SYDNEY, Nov 29 (Reuters) – The U.S. dollar took a breather on Tuesday as global bonds steadied from their recent rout, while equities flatlined as political risk resurfaced in Europe ahead of a referendum in Italy this weekend.
Oil prices remained jittery in the countdown to Wednesday’s OPEC meeting but industrial commodities continued to benefit mightily from Chinese demand, both real and speculative.
The action in Asian stocks was guarded with Australia up 0.1 percent and Japan’s Nikkei off 0.2 percent.
MSCI’s broadest index of Asia-Pacific shares outside Japan barely budged after two days of gains.
The cautious mood was set by Wall Street which suffered its worst performance in nearly a month as some investors booked profits in the financial and consumer discretionary sectors.
The Dow had ended Monday down 0.28 percent, while the S&P 500 lost 0.53 percent and the Nasdaq 0.56 percent. The pan-European FTSEurofirst 300 index fell 0.85 percent, led by a near-4 percent drop in Italian banks.
Worries about Italy’s banking system are building ahead of a Dec. 4 referendum on constitutional reform, which could decide the political future of Prime Minister Matteo Renzi.
“Citi’s base case is for a NO vote to prevail with political uncertainties likely to remain elevated over the near-term,” wrote analysts at Citi.
“It’s worth watching whether PM Renzi resigns in the event of a No vote as promised, before rushing into euro shorts.”
RED HOT METAL
The political risk kept the euro restrained despite the pullback in the dollar. The common currency was pinned at $1.0606, after failing to hold an 11-day high of $1.0686.

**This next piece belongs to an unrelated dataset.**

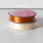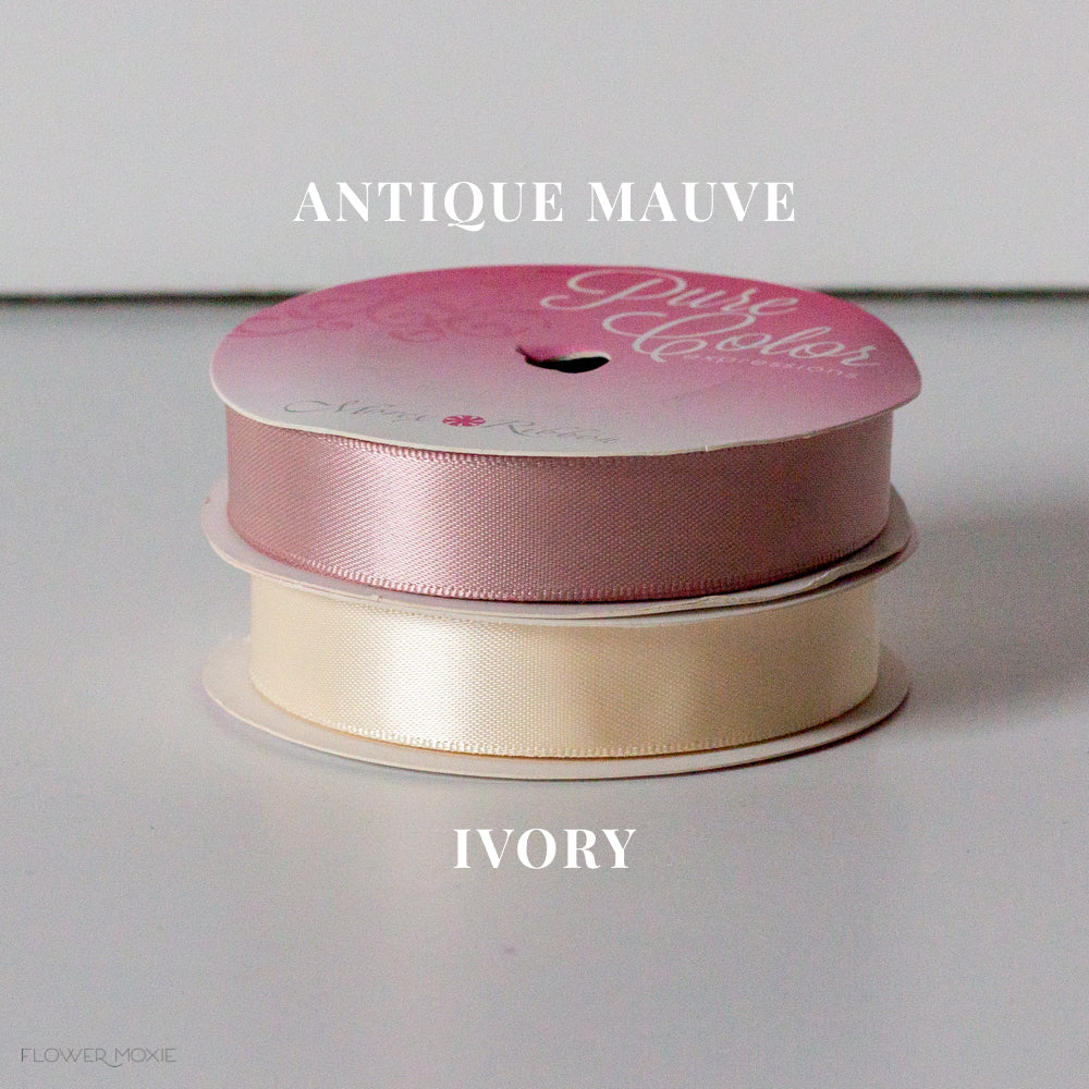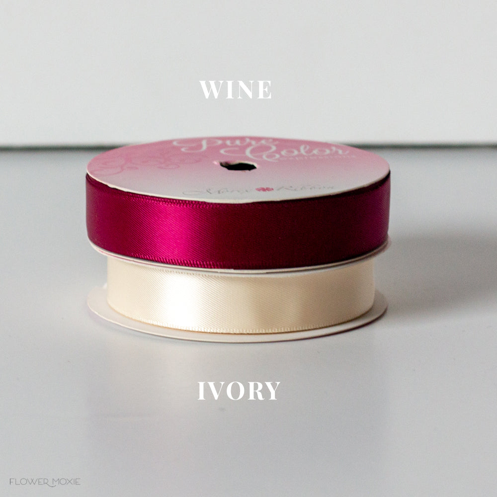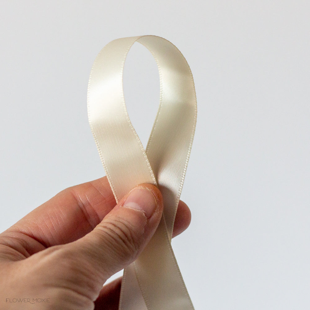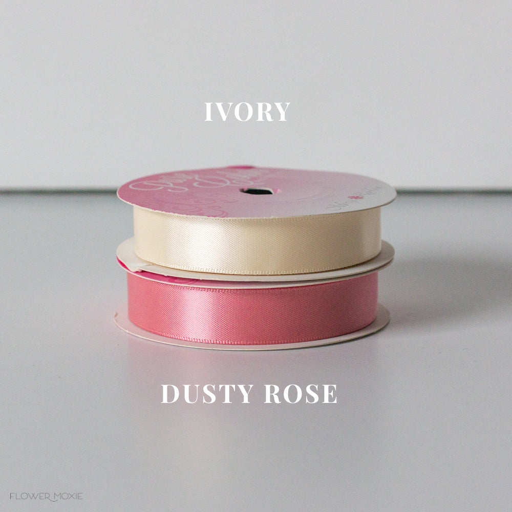 Ivory 5/8" satin-faced ribbon looks beautiful with many of our DIY Collections and Packages. Use a single color or two complimentary colors to pull your design together! We recommend using approximately 3-4" of ribbon per bout or pin-on corsage.

Citi sees major chart support at $1.0458-1.0523, a region also capturing the post-U.S. election low of $1.0518.
The dollar was again moving higher on the yen to reach 112.18, after profit-taking pulled it down as far as 111.58. It remains 7 percent higher for the month.
Dealers reported Japanese buying for the new month with orders today settling on Dec. 1. Against a basket of currencies, the dollar held at 101.270 and not far from last week’s 14-year peak.
The greenback was still on track for its strongest two-month gain since early 2015, underpinned by expectations the Federal Reserve is almost certain to hike interest rates next month.
Yields on two-year Treasury paper have already hit their highest since early 2010 in anticipation, greatly fattening its premium over European and Japanese debt.
In commodity markets, investors anxiously awaited an OPEC meeting on Wednesday with none any wiser on whether producers will agree to lasting output cuts.
U.S. crude was last off 25 cents at $46.83 a barrel, after seesawing wildly on Monday. Brent eased 28 cents to $47.96. Traders fear a major selloff should OPEC fail to reach a deal after so much wrangling.
Industrial metals extended their blistering rally, generating a welcome inflationary pulse in the global economy.
Iron ore futures traded in China surged to their highest since early 2014, while zinc touched a nine-year peak and lead a five-year top.
Closures of steel plants in China have tightened supply while Beijing has approved a string of massive infrastructure projects, including a $36 billion railway plan just this week.